Data records
* * *

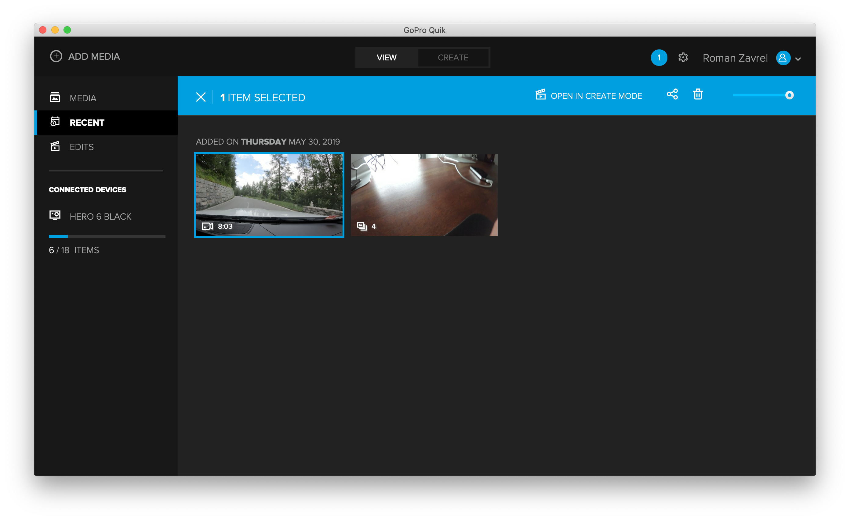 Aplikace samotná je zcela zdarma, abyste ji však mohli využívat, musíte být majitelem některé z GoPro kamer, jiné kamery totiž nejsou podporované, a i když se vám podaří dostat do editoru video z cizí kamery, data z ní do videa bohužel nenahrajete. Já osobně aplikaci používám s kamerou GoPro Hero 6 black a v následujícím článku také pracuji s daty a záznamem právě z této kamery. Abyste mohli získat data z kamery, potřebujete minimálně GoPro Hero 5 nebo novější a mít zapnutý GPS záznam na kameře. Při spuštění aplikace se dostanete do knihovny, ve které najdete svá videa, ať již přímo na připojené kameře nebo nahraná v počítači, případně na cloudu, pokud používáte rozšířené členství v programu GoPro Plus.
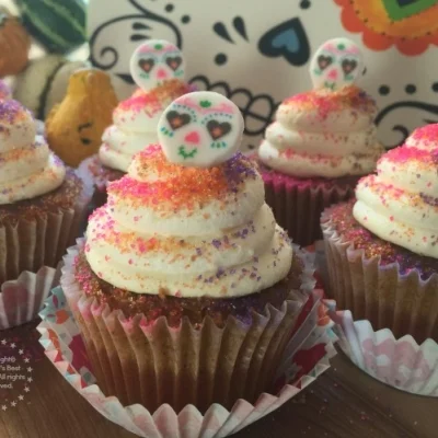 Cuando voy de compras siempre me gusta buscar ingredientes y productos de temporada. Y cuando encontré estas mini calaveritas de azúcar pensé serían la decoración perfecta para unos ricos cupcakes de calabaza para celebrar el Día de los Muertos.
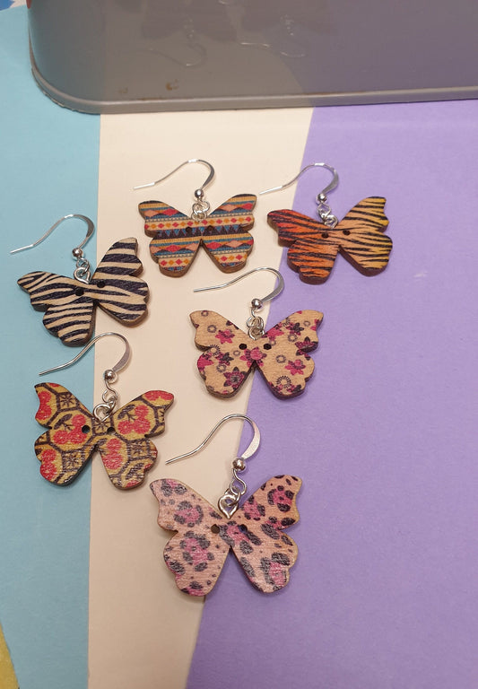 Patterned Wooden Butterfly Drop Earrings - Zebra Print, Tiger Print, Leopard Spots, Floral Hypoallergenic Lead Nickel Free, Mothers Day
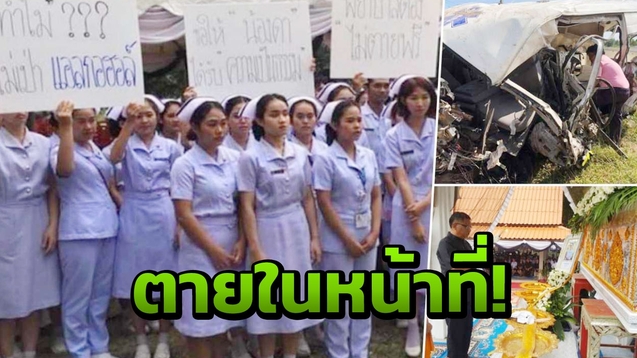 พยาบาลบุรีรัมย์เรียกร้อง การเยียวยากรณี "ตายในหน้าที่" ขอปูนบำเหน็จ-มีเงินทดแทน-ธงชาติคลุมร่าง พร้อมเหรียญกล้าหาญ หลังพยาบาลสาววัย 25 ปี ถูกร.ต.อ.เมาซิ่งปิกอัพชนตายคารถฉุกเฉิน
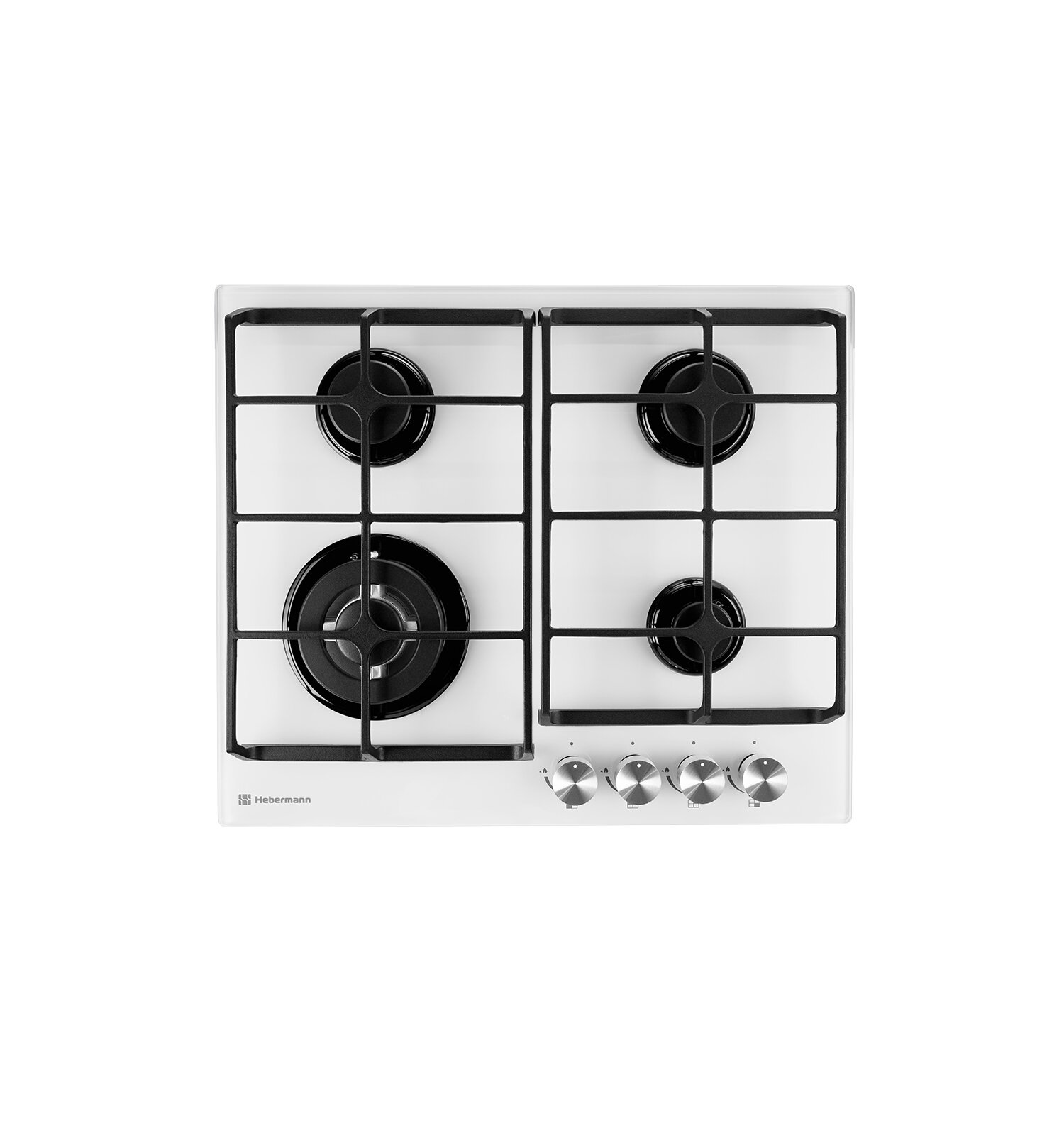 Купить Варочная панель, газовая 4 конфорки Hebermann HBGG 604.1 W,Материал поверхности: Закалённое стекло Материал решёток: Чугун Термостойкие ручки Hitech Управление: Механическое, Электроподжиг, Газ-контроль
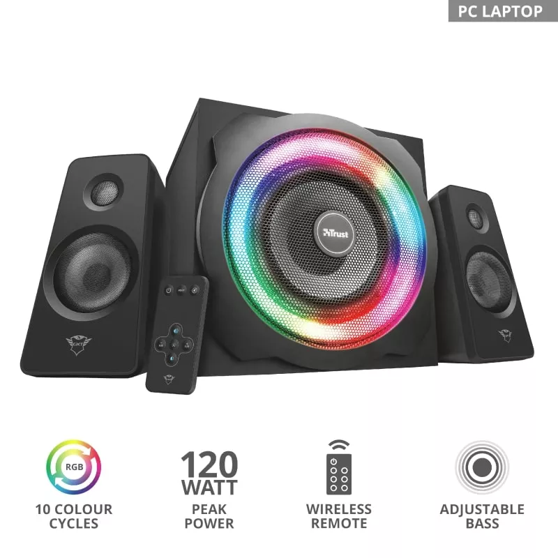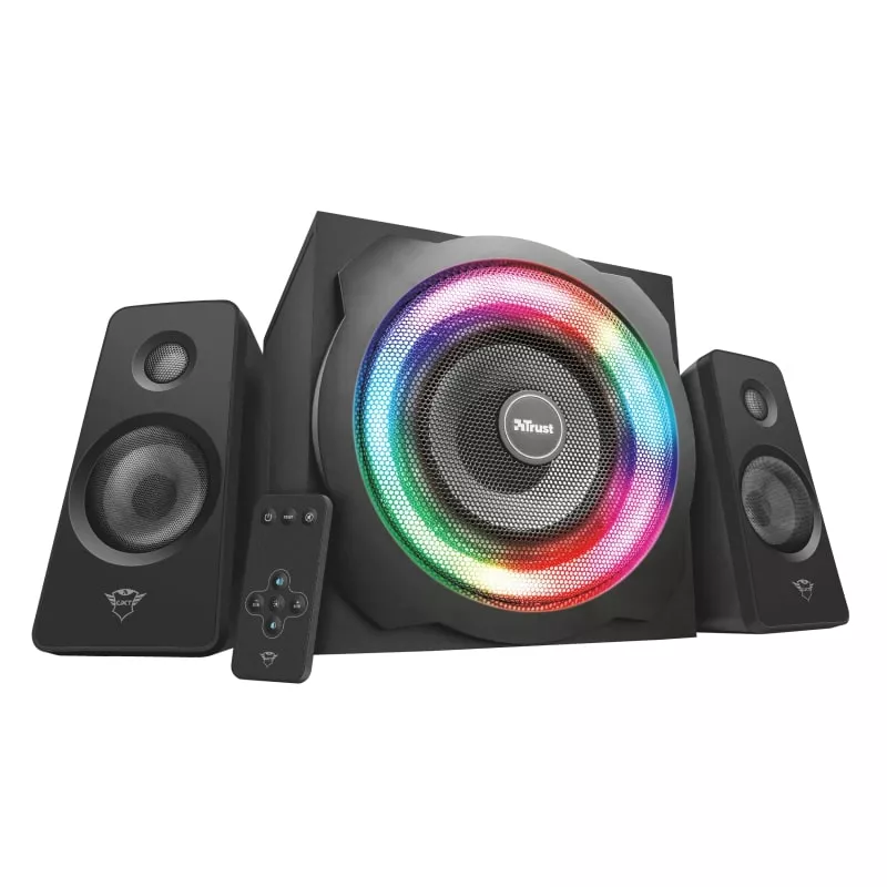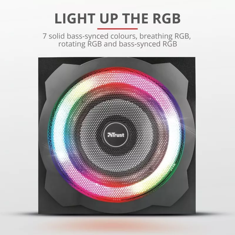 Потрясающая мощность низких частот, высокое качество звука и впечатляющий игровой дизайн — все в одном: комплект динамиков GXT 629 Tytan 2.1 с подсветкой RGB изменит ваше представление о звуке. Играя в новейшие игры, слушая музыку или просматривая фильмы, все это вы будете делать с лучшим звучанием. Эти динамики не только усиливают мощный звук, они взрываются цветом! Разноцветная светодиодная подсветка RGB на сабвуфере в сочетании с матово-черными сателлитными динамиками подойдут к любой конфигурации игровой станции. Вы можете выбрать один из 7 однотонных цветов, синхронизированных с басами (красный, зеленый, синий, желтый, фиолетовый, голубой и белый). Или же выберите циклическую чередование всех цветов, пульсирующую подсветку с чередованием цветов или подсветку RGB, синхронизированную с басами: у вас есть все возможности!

* * *

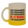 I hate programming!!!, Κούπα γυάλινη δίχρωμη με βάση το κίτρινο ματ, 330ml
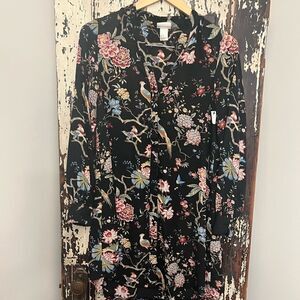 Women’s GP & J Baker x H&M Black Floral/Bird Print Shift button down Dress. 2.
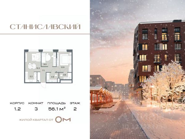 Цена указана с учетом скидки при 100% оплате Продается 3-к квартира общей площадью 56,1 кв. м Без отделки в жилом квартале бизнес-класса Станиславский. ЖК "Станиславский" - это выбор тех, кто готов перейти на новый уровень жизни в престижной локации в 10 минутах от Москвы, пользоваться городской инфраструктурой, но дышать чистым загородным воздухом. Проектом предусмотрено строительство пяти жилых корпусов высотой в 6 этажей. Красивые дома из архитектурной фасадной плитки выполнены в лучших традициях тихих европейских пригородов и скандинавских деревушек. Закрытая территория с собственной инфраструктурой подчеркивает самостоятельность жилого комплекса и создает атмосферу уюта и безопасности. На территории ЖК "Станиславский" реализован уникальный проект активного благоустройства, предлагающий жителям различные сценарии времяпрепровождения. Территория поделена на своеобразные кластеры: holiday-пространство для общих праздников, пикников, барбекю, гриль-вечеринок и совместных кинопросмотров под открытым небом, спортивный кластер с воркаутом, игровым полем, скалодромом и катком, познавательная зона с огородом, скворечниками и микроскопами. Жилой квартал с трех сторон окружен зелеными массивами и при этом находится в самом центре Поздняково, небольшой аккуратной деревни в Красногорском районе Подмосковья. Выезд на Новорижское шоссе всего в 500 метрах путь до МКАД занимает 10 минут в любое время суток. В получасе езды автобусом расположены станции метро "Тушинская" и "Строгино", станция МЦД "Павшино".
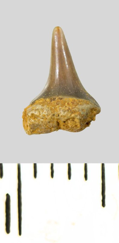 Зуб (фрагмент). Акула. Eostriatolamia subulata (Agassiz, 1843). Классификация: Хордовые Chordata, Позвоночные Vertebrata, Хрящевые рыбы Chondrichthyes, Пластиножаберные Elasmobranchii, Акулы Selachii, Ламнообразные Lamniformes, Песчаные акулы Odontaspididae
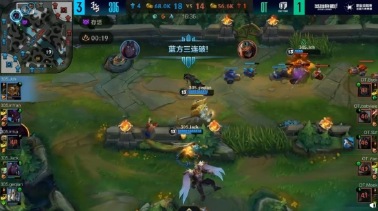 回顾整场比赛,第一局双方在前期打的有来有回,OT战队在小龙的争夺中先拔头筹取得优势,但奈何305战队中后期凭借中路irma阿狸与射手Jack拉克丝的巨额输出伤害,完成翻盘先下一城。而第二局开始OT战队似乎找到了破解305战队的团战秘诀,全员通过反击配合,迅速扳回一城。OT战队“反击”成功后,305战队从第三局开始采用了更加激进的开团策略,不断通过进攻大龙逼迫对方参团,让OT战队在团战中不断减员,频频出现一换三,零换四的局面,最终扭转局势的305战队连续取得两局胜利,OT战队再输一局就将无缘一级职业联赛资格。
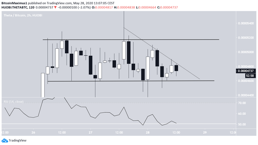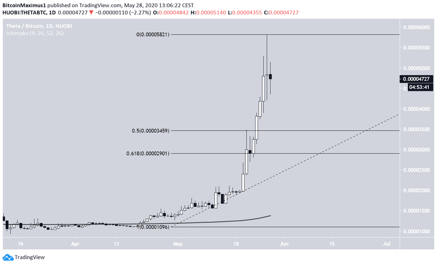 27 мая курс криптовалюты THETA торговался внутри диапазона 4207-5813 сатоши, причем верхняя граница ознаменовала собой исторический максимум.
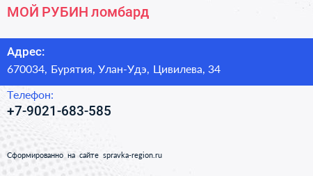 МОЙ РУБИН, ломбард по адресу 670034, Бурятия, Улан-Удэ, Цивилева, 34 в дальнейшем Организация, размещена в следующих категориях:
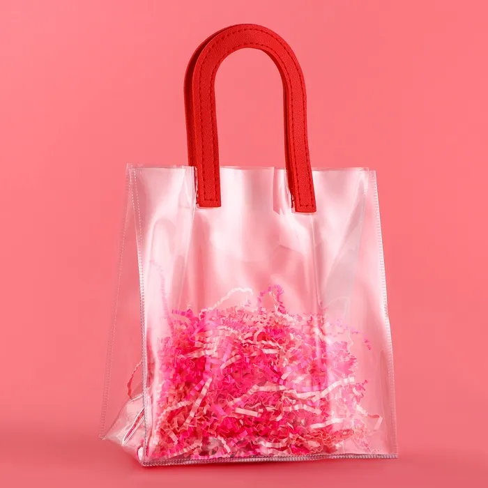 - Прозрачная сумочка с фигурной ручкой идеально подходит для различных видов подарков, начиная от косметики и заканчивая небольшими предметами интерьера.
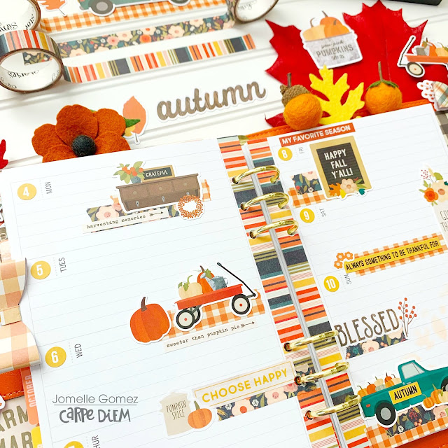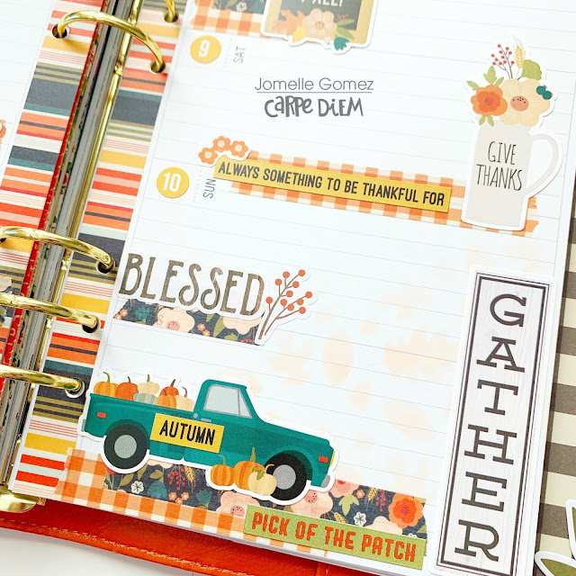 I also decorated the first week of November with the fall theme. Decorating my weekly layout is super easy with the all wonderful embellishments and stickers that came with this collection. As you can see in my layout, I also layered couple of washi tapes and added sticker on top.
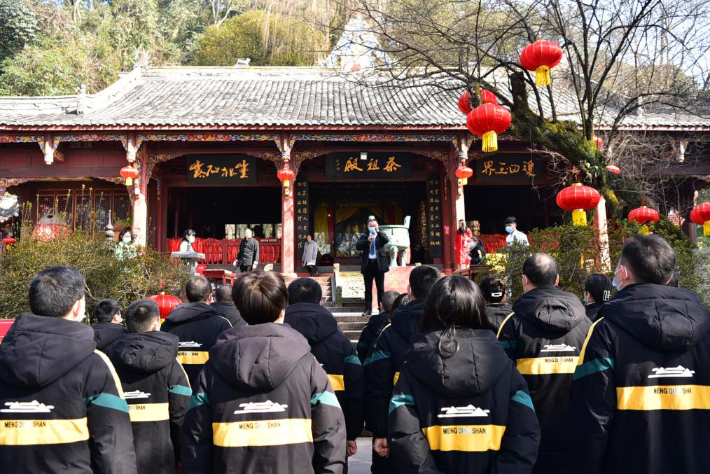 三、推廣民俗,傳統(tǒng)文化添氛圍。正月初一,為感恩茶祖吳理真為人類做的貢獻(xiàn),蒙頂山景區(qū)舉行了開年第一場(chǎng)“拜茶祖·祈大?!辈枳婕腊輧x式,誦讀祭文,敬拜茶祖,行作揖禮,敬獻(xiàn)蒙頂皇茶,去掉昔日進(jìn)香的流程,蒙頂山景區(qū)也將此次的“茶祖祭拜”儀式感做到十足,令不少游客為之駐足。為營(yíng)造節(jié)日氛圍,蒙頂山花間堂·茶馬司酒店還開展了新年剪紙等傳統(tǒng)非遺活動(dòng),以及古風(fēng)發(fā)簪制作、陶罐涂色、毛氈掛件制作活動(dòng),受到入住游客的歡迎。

* * *

For this exercise, return exactly the lines above from the line with "Cuando voy de" through the line with "Потрясающая мощность низких", both included. Do not copy the pictures.

*Result*:
 Cuando voy de compras siempre me gusta buscar ingredientes y productos de temporada. Y cuando encontré estas mini calaveritas de azúcar pensé serían la decoración perfecta para unos ricos cupcakes de calabaza para celebrar el Día de los Muertos.
 Patterned Wooden Butterfly Drop Earrings - Zebra Print, Tiger Print, Leopard Spots, Floral Hypoallergenic Lead Nickel Free, Mothers Day
 พยาบาลบุรีรัมย์เรียกร้อง การเยียวยากรณี "ตายในหน้าที่" ขอปูนบำเหน็จ-มีเงินทดแทน-ธงชาติคลุมร่าง พร้อมเหรียญกล้าหาญ หลังพยาบาลสาววัย 25 ปี ถูกร.ต.อ.เมาซิ่งปิกอัพชนตายคารถฉุกเฉิน
 Купить Варочная панель, газовая 4 конфорки Hebermann HBGG 604.1 W,Материал поверхности: Закалённое стекло Материал решёток: Чугун Термостойкие ручки Hitech Управление: Механическое, Электроподжиг, Газ-контроль
 Потрясающая мощность низких частот, высокое качество звука и впечатляющий игровой дизайн — все в одном: комплект динамиков GXT 629 Tytan 2.1 с подсветкой RGB изменит ваше представление о звуке. Играя в новейшие игры, слушая музыку или просматривая фильмы, все это вы будете делать с лучшим звучанием. Эти динамики не только усиливают мощный звук, они взрываются цветом! Разноцветная светодиодная подсветка RGB на сабвуфере в сочетании с матово-черными сателлитными динамиками подойдут к любой конфигурации игровой станции. Вы можете выбрать один из 7 однотонных цветов, синхронизированных с басами (красный, зеленый, синий, желтый, фиолетовый, голубой и белый). Или же выберите циклическую чередование всех цветов, пульсирующую подсветку с чередованием цветов или подсветку RGB, синхронизированную с басами: у вас есть все возможности!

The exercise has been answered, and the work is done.